Search Index Architecture
The SearchRepository is a single class with two internal search paths: BM25 keyword search backed by FTS5 virtual tables, and vector similarity search backed by sqlite-vec vec0 virtual tables. Both paths query app.db directly via a shared SQLAlchemy engine — there are no sub-repositories or delegate objects.
FTS5 Full-Text Index
The keyword_search() method uses SQLite's FTS5 extension for BM25 keyword search. It operates on the main app.db database alongside other tables.
Schema:
| Table | Purpose |
|---|---|
fulltext_content | Regular table storing node data (node_id, label, properties, searchable_text) |
fulltext_index | FTS5 virtual table, content-linked to fulltext_content |
| Triggers | INSERT/UPDATE/DELETE triggers keep the FTS5 index synchronized |
Tokenization: Porter stemming with Unicode61 tokenizer (tokenize='porter unicode61').
Scoring: BM25 ranking with field weights:
| Field | Weight | Rationale |
|---|---|---|
label | 3.0 | Entity names are the strongest match signal |
properties | 1.0 | Property values provide supporting context |
searchable_text | 0.5 | Full text gives broad recall at lower precision |
FTS5 returns negative BM25 scores (closer to 0 is better), so the repository negates them for a conventional "higher is better" ordering.
sqlite-vec Vector Index
The vector_search() method uses sqlite-vec for vector similarity search. sqlite-vec is a SQLite extension that stores vectors directly in the database as vec0 virtual tables, eliminating the need for external index files.
Index architecture:
- Storage:
vec0virtual table inapp.dbwith float32 vector columns - Similarity: Cosine distance via
vec_distance_cosine()(vectors are L2-normalized before insertion) - ID mapping: Uses string IDs directly -- no integer ID translation needed
Benefits over file-based indices:
- Single file: All data (relational + FTS5 + vectors) lives in
app.db-- no separate index files to manage - Transactional: Vector operations participate in SQLite transactions alongside other data changes
- Atomic: Database resets, backups, and migrations handle everything in one step
- Simpler: No file-based persistence, no metadata JSON, no dimension mismatch recovery logic
Hybrid Search
The SearchRepository supports three search modes:
| Mode | Method | Description |
|---|---|---|
| Keyword | keyword_search() | FTS5 BM25 matching |
| Semantic | semantic_search() | Vector cosine similarity |
| Hybrid | hybrid_search() | Merges keyword + semantic results |
Hybrid search is the primary mode used by the application. It runs both keyword and semantic searches in parallel, then merges results by keeping the highest score for each unique ID. Short queries (< 3 characters) skip semantic search and use keyword-only for better partial-match behavior.
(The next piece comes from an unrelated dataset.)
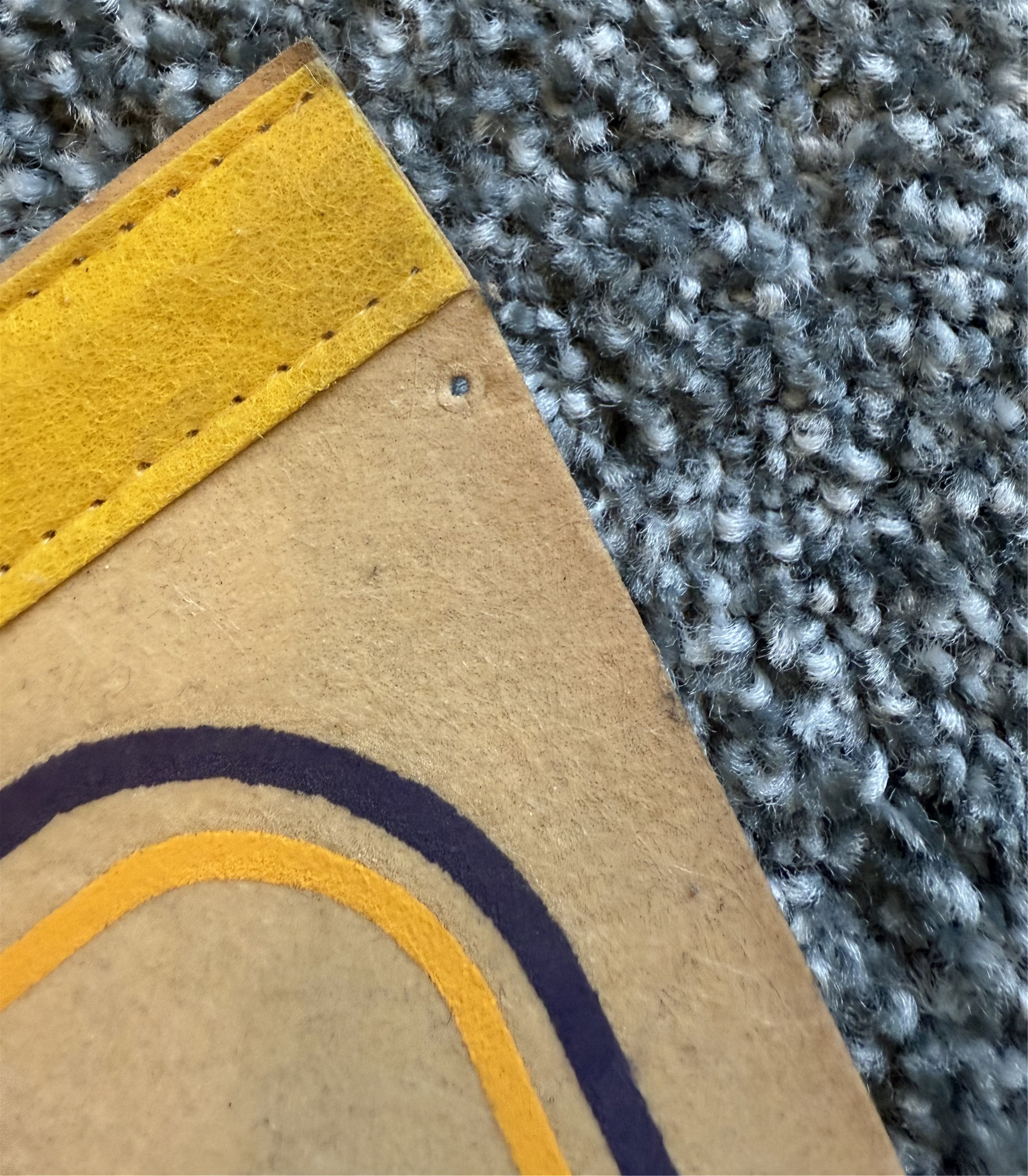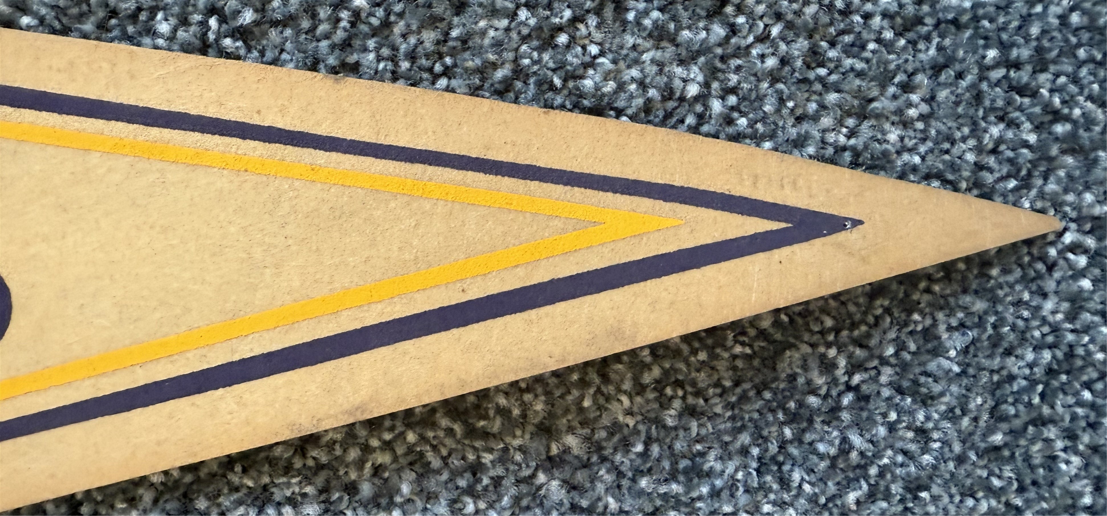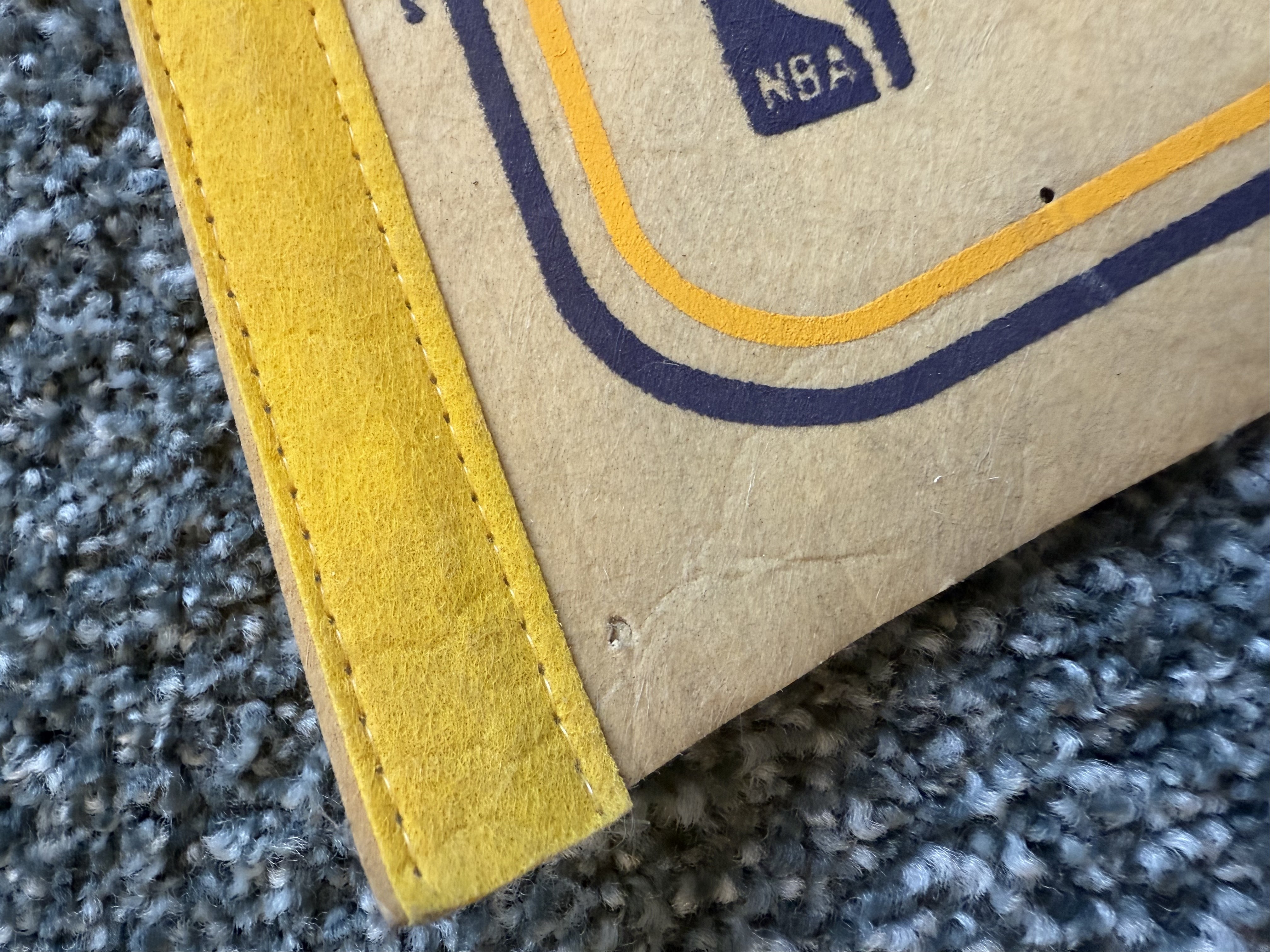 Condition: Yellowed from age. There are a few small pinholes where it was once tacked to the wall (see closeup photos). No rips, tears, or chips at edge. It is made of felt and has the NBA logo on it.

A configurable min_similarity threshold (default: 0.55) filters out low-confidence semantic results before merging.
Storage Layout
All search indices for a database live inside app.db:
data/databases/{db_name}/
└── app.db # Contains all data including:
# - FTS5 virtual tables (keyword search)
# - vec0 virtual tables (vector search via sqlite-vec)
# - All relational data (sources, graph, chat, etc.)
Commit Stage
After indexing generates embeddings and updates chunk status to indexed, the commit stage writes the final graph nodes into both search indices:
- FTS5: Each committed node is inserted into
fulltext_content, which triggers automatic FTS5 index updates via database triggers. - sqlite-vec: Each node's embedding vector is normalized and added to the sqlite-vec index.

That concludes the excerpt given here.